3

In Genius Season 1 Episode 1 at 9:00, Young Albert Einstein defies his teacher by solving the equation on board and states

Natural log of constant multiplied by x equals natural log of one plus v squared. And since v equals y over x. That gives us the final function: x squared plus y squared minus c x cubed equals zero.

What is he talking about?

P.S.

The question was asked first on Movies/TV stackexchange but it was suggested from the members that the question would fare well on maths stackexchange. However if someone considers this question unsuitable for the stackexchange let me know.

Edit:

I am perfectly aware what does the context translates into. What I am asking is whether the equation is known for something.
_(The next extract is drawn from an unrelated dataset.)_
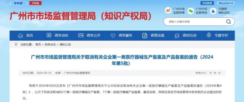 9月18日,廣州市市場(chǎng)監(jiān)督管理局官網(wǎng)發(fā)布一則取消第一類醫(yī)療器械生產(chǎn)備案及產(chǎn)品備案的通告,通告指出,因廣東嘉雅醫(yī)療器械有限公司、廣州市歐之康醫(yī)療器械有限公司未在備案場(chǎng)所經(jīng)營(yíng)且無(wú)法聯(lián)系,在公示期間該局及各區(qū)市場(chǎng)監(jiān)管局未收到相關(guān)企業(yè)提出的異議。

Like "$c^2=a^2+b^2$" instantly make us recall of "Pythagoras Theorem". In the same sense, does the provided context above hold any significant meaning?

mathnoob123
  • 1,373
  • 4
    $\log(cx) = \log(1+v^2)$ and $v = \frac{y}{x}$ implies $x^2+y^2 - cx^3 = 0$. I think the PD of that episode doesn't know any genius in real life, there is nothing special about this. – achille hui Jun 03 '17 at 21:47
  • Please see the edit. – mathnoob123 Jun 03 '17 at 21:49
  • 2
    I doubt there is any special meaning in that sentence. Most PD/script writer in TV series/movies doesn't really know math/science enough to generate any sensible math/science quotes. Up to what I heard, the people from "big bang theory" may be an exception. If you want to look for something meaningful, try that instead. – achille hui Jun 03 '17 at 21:57
  • Tv and movies are making a point to be more accurate. And they are getting better. But they don't seem to get what is significant or not. This equation and solution is perfectly true and makes perfect sense but it isn't particularly hard or interesting. Hard to understand why this would be "defying" the teacher. There's no indication in what context the equation arose. – fleablood Jun 04 '17 at 00:11

2 Answers2

4

What's described is simple algebra.

Natural log of constant multiplied by x equals natural log of one plus v squared.

So$$\ln(cx)=\ln(1+v^2).$$

And since v equals y over x.

So$$\ln(cx)=\ln\left(1+\left(\frac{y}{x}\right)^2\right).\qquad(1)$$

That gives us the final function: x squared plus y squared minus c x cubed equals zero.

So$$x^2+y^2-cx^3=0,\qquad(2)$$which comes from exponentiating both sides of (1):$$cx=1+\left(\frac{y}{x}\right)^2,$$multiplying both sides by $x^2$:$$cx^3=x^2+y^2,$$and subtracting $cx^3$ from both sides, which gives (2).


Equation (2) looks like (but is not) the spacetime interval invariant:

$$s^2 = −c^2t^2 + x^2 + y^2 + z^2.$$

Geremia
  • 2,405
2

The equations related to the text seem to be:

$$\log(cx)=\log(1+v^2)\tag{1}$$

$$v=\frac{y}{x}\tag{2}$$

$$cx=1+\left(\frac{y}{x}\right)^2\tag{3}$$

$$cx^3=x^2+y^2\tag{4}$$

$$x^2+y^2-cx^3=0\tag{5}$$

Equations $(3)$ and $(4)$ are possible intermediate steps not mentioned.